**Task instructions**
Your copy should begin at the line containing "있다 ⓒ김태양 기자 |" and end at the last line of the records below, matching each line exactly and leaving out pictures.

**Data records**
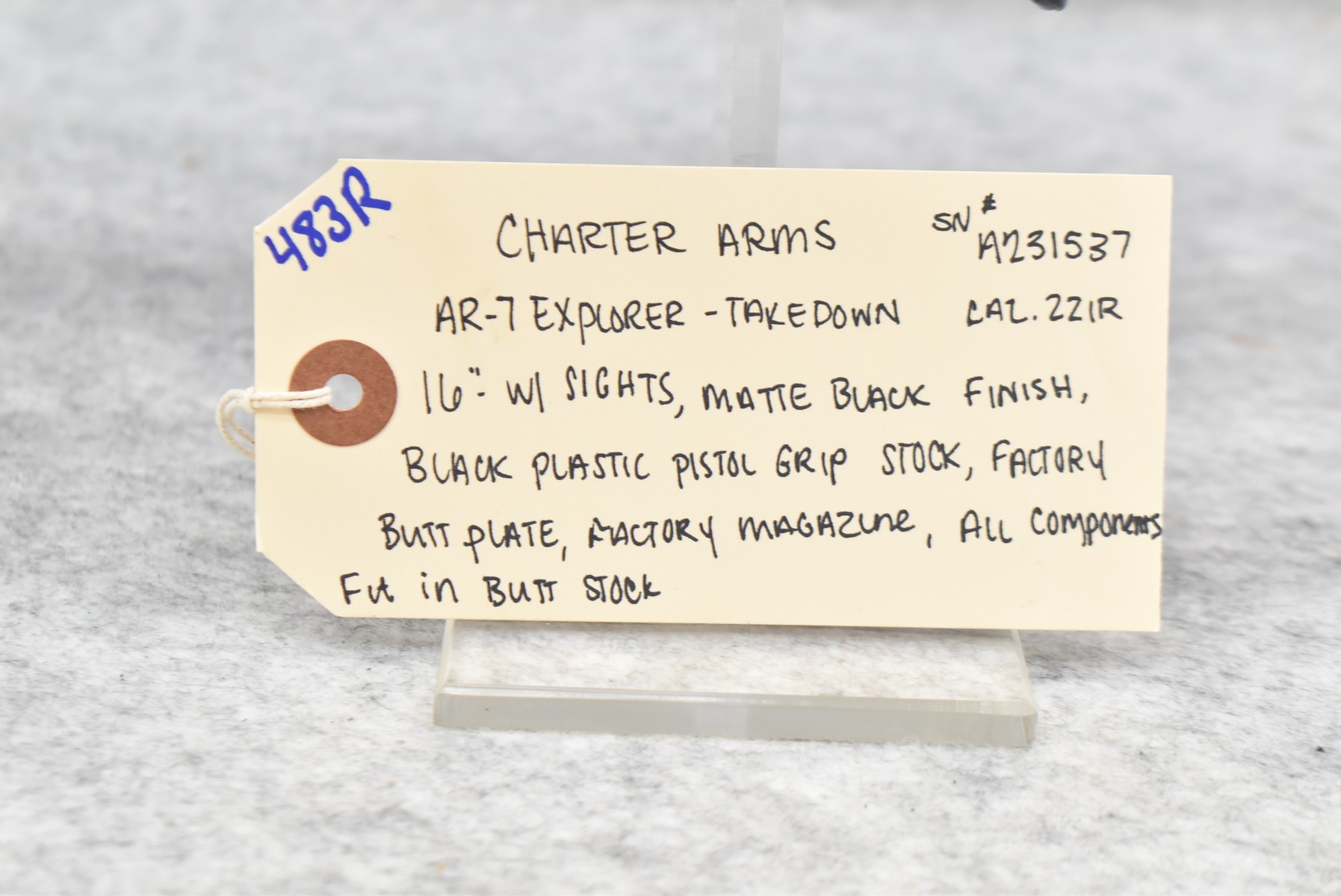 483R. Charter Arms – Mod. AR-7 Explorer Takedown – 22LR Cal. Semi-Auto Rifle – w/16” Barrel w/Sights – Matte Black Finish – w/Black Plastic Pistol Grip Stock w/Factory Butt Plate – w/Factory Magazine – All Components Store in Butt Stock
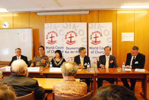 | ▲ 1일 오전 11시(현지시각) 스위스 제네바 에큐메니컬 센터에서 2013년 WCC 차기 총회를 유치한 한국측 멤버들이 기자회견을 갖고 있다 ⓒ김태양 기자 |
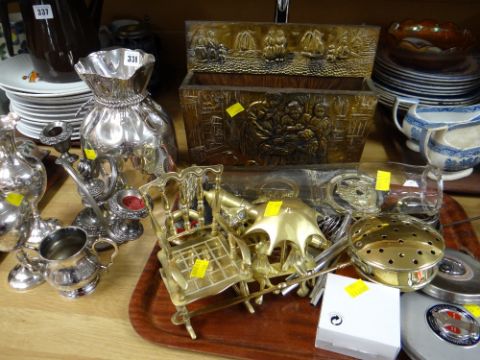A Spanish EPNS vase in the form of a sack & a parcel of mixed brassware etc
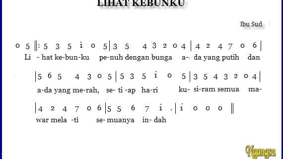 Loncat ke navigasi loncat ke pencarian. Lihat kebunku lagu anak anak abadi ciptaan pak kasur dibawakan oleh lidya lau atnataliamiu nadia raissa febby dengan iringan musik kak nunuk. Not angka lagu kebunku ciptaan ibu sud lihat kebunku penuh dengan bunga adalah lagu anak anak yang diciptakan oleh ibu sud berjudul kebunku.
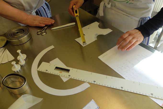 Die erste IDEE, gemeinsamen NENNER finden, PLANUNG, ENTWURF der Torte auf Papier, ÜBERLEGUNGEN zu den Dekorelementen, PROPORTIONEN abklären, Erstellen von VORLAGEN, Erstellen von STÜCKLISTEN, immer wieder neu VERMESSEN, ARBEITSABLÄUFE besprechen & festlegen, MATERIALIEN vorbereiten, erste ÜBUNGEN, VORAUSPLANEN, Beginn der PRODUKTION, TEAMWORK, GEDULD! All dies, ist zu berücksichtigen, wenn ein Projekt, wie wir dies am 2. und 3. April gemeinsam begonnen haben, erfolgreich anlaufen soll. Prinzipiell, ist vieles davon auch im Arbeitsalltag eines Zuckerbäckers (Konditors) von enormer Wichtigkeit. Leider wird dieses Können oftmals nicht mehr richtig vermittelt oder komplett unterschätzt!
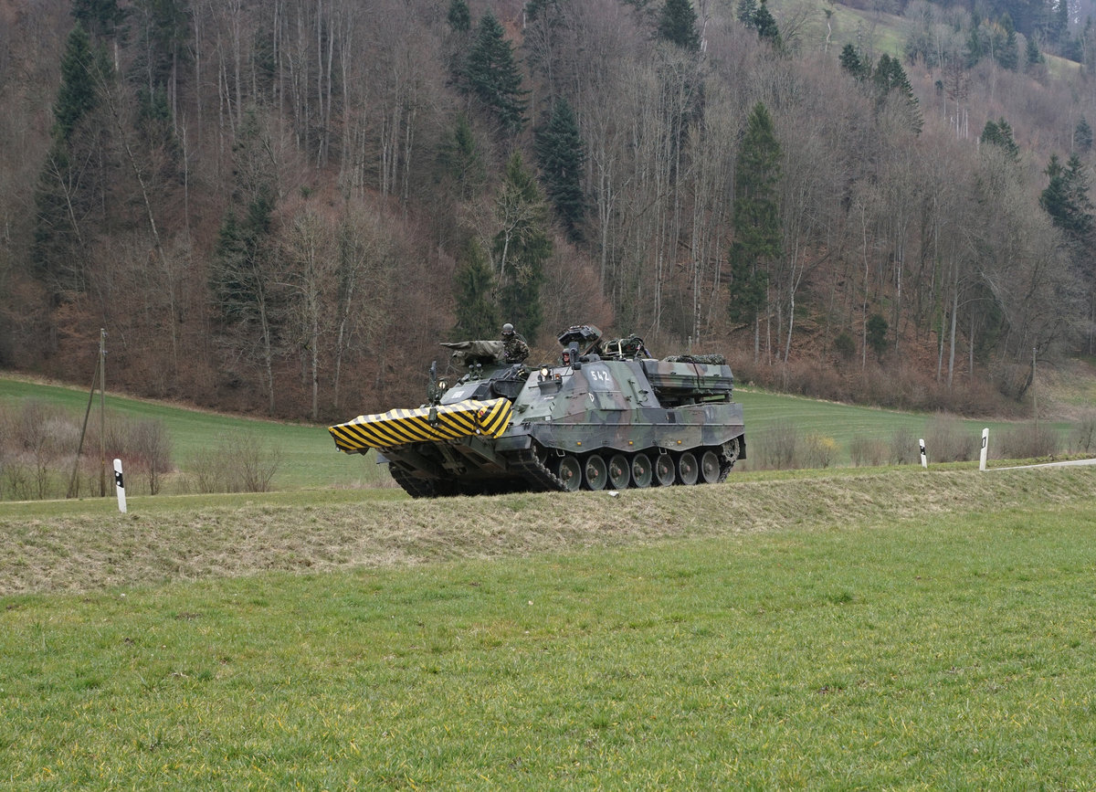 Leider immer weniger hat man in der Schweiz als Fotograf von Militärfahrzeugen die Möglichkeit, Raupenfahrzeuge im Strassenverkehr zu beobachten.

**Output below**
 | ▲ 1일 오전 11시(현지시각) 스위스 제네바 에큐메니컬 센터에서 2013년 WCC 차기 총회를 유치한 한국측 멤버들이 기자회견을 갖고 있다 ⓒ김태양 기자 |
A Spanish EPNS vase in the form of a sack & a parcel of mixed brassware etc
 Loncat ke navigasi loncat ke pencarian. Lihat kebunku lagu anak anak abadi ciptaan pak kasur dibawakan oleh lidya lau atnataliamiu nadia raissa febby dengan iringan musik kak nunuk. Not angka lagu kebunku ciptaan ibu sud lihat kebunku penuh dengan bunga adalah lagu anak anak yang diciptakan oleh ibu sud berjudul kebunku.
 Die erste IDEE, gemeinsamen NENNER finden, PLANUNG, ENTWURF der Torte auf Papier, ÜBERLEGUNGEN zu den Dekorelementen, PROPORTIONEN abklären, Erstellen von VORLAGEN, Erstellen von STÜCKLISTEN, immer wieder neu VERMESSEN, ARBEITSABLÄUFE besprechen & festlegen, MATERIALIEN vorbereiten, erste ÜBUNGEN, VORAUSPLANEN, Beginn der PRODUKTION, TEAMWORK, GEDULD! All dies, ist zu berücksichtigen, wenn ein Projekt, wie wir dies am 2. und 3. April gemeinsam begonnen haben, erfolgreich anlaufen soll. Prinzipiell, ist vieles davon auch im Arbeitsalltag eines Zuckerbäckers (Konditors) von enormer Wichtigkeit. Leider wird dieses Können oftmals nicht mehr richtig vermittelt oder komplett unterschätzt!
 Leider immer weniger hat man in der Schweiz als Fotograf von Militärfahrzeugen die Möglichkeit, Raupenfahrzeuge im Strassenverkehr zu beobachten.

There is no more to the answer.